Amazon S3 FilesをLambdaからマウントして仕様検証してみた
はじめに
みなさんこんにちは、クラウド事業本部コンサルティング部の浅野です。
2026年4月7日、Amazon S3 Filesがリリースされました。
S3はオブジェクトストレージであり、従来はファイルシステムとして直接扱うことができませんでした。
今回のリリースで既存のS3バケットをNFS経由でそのままファイルシステムとしてマウントでき、ls・cat・cpなどの標準的なLinuxファイル操作でS3オブジェクトデータにアクセスできるようになりました。

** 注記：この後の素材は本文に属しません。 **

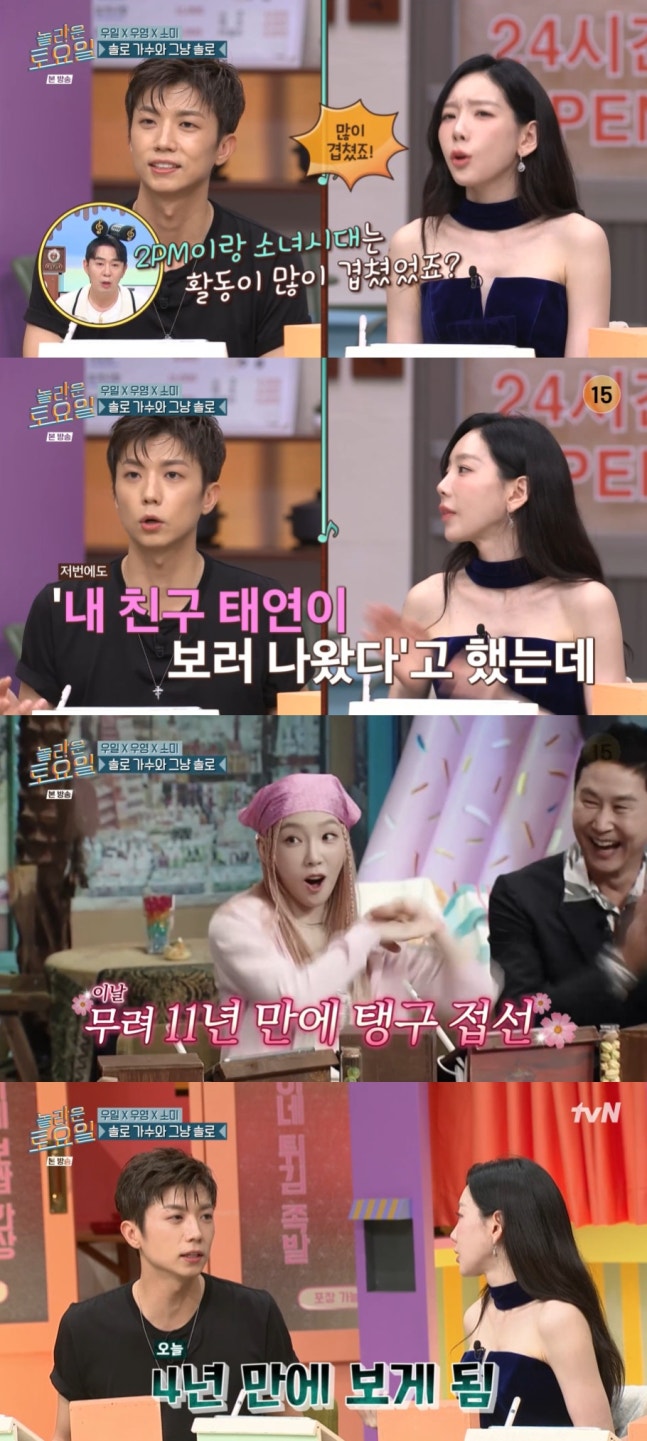 또한 "우영이 인터뷰에서 오늘 나온 이유의 8할이 태연이라고 하더라"라는 말을 들은 태연은 "티도 안 내더니"라고 이야기했고, 우영은 "저번에도 내 친구 태연이 만나러 왔었다"며 4년 전에도 '놀토'를 통해 11년 만에 만났음을 밝혔다.

AWS公式のローンチブログではEC2から実際にマウントする手順が紹介されていますので、本記事では、S3 Filesの仕様を整理した上で、実際にLambdaからマウントして仕様を細かく検証していきます。
参考: ローンチブログ
仕様確認
まず、仕様を確認していきながらイメージを深めていきます。以下が S3 Files のアーキテクチャのイメージです。
※ 出典元: 公式ドキュメント

S3 Filesは内部的にはAmazon EFSのインフラを基盤としており、S3バケットとの同期を自動で管理することで、ファイルシステムとしてオブジェクトストレージ内に透過的にアクセスできる仕組みになっています。
ファイルシステムには全ファイルの「メタデータ」と頻繁にやり取りされる、「アクティブデータ」が保持されます。
キャッシュオブジェクトサイズ以下のアクティブデータはファイルシステムから高速に取得できる一方で、料金が適用され、キャッシュオブジェクトサイズを超過したファイルはS3バケットから直接読み込まれ、通常のS3 GETリクエスト料金のみが適用されるので安価です。

なお、公式ドキュメントでは内部のEFSを「高性能ストレージ(high-performance storage)」と表記していますが、本記事では「ファイルシステム」に統一します。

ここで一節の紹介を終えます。